Se acercó a la cocina mientras Nico correteaba intentando dar caza a los cordones de aquellas viejas Converse que se resistía a tirar. Abrió la nevera y contemplando aquella desolación blanca y fría esbozó una sonrisa. En un rincón, escondidos tras un bote de tomate frito abierto y triste, asomaban un par de trozos de embutido. Nico, que aún intentaba dejar sin aire a uno de aquellos cordones atrapado entre sus patas y sus afilados dientes, dejó lo que tenía entre manos, miró aquello que salía de la nevera y movió la cola dos veces.
Mientras aquel cachorro de gato daba rienda suelta a sus instintos y devoraba aquella magnífica pieza de caza mayor, él se dirigió al balcón dispuesto a recogerlo todo. Se sentía algo mejor y acababa de decidir que saldría a la calle y que haría aquello que hacía tanto tiempo que no hacía por puro placer: Caminar. Así que cogió su jersey negro preferido, sus llaves, se despidió de Nico que ahora pataleaba panza arriba enredado en la madeja de lana y salió.
Se detuvo un momento en el portal mirando al exterior, tomó aire y empezó a caminar en dirección a La Rambla. Siempre fue un lugar en el que caminar era sobretodo un ejercicio mental.
Paseando entre trinos de colores lejanos, estatuas humanas de intemporales formas y extrangeros despistados, uno puede dejar fluir sus pensamientos sin que apenas le rocen. Como si fueran de otro. Mientras caminaba, atrapaba una de aquellas fugaces imágenes que brotaban sin cesar de su mente y la hilvanaba con una nueva que le llegaba sin avisar.
Es increíble cómo se hace todo tan complicado de un día al siguiente. Como la vida toma su curso sin que uno mismo pueda hacer nada. Apenas asirse a ella para no salir despedido. Y en ocasiones, ni tan sólo eso. Muchas son las veces en las que de repente nos encontramos en un apeadero extraño esperando con cara de susto, el paso del próximo tren. Ahora mismo se sentía perdido, sin demasiada capacidad de decisión. Acodado frente una horrible hoja en blanco sobre la que debía escribir.

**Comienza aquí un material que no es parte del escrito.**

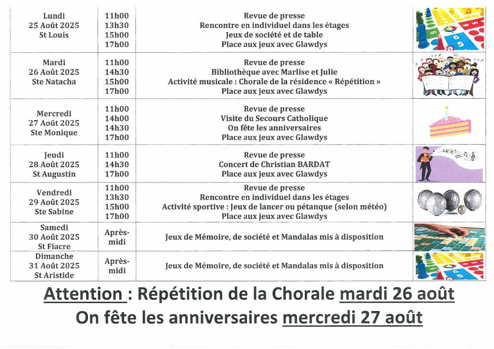 ATTENTION: Exceptionnellement la répétition de la chorale se fera MARDI 26 pour pouvoir fêter les anniversaires du mois Mercredi 27

Escribirse.
Algunas palomas grises correteaban delante suyo huyendo sin huir mientras él buscaba dentro de sí una manera de salir de todo aquello con algo de cordura en su haber.
Mientras observaba de cerca un conejo (o cobaya o chinchilla - nunca supo diferenciarlos) que lo miraba asustado desde el fondo de su pequeña jaula en uno de los característicos puestos de mascotas de la céntrica calle y que le recordaba graciosamente a Nico por la gran mancha negra que le recubría de igual forma la enorme oreja mustia, pensaba que aún le quedaba algo de dinero ahorrado, que aún recibiría durante algunos meses el subsidio de desempleo y que quizá este era el mejor momento para hacer algo nuevo.
Guió sus pasos hacia alguna de las callejuelas que desembocan en en La Rambla desde el barrio del Raval buscando algo de la oscuridad que lo enorme de la avenida no podía darle. Algo más de silencio y algo menos de movimiento en un momento en el que su mente se esforzaba por todo lo contrario. Tomando calles al azar, de vez en cuando salía de su ensimismamiento y se descubría en un lugar conocido. En recuerdos gratos y extrañamente antiguos.
Entró en un viejo bar en el que únicamente habitaba el dueño y algún jubilado, con toda seguridad conocido suyo, con el que despachaba la mañana discutiendo entre carajillos de Magno y palillos redondos. Aquellos lugares siempre le gustaban pero en ellos siempre le asaltaba el mismo pensamiento; le aterrorizaba la idea de necesitar algún día lejano, un bar como aquél en el que entrar para poder hablar con alguien que desprendiera la misma soledad que él.
Tomando un café cargado y con el primer cigarrillo del día de su Winston blando entre los dedos, se entretenía mirando a través del ventanal en el que pintados sobre el vidrio, se publicitaban los platos típicos del local.
Había decidido hacerle una visita a Carlos. Él, en aquellos momentos, era con toda seguridad la única persona con la que podía contar. Carlos era un antiguo amigo de su época de universidad. Se conocieron durante el primer año de Biblioteconomía, en el bar junto a la facultad en el tiempo que duró una clase que nunca se dió. Ninguno de los dos recuerda ya cómo empezó todo pero ambos coinciden en que todo fue sencillo desde el principio a pesar de que Carlos por aquél entonces imponía seriamente bajo una cresta roja y abrigado con una coraza de cuero, cadenas y pinchos.
Continuará... o no.
1 comentario:
Sí, sí, que continúe.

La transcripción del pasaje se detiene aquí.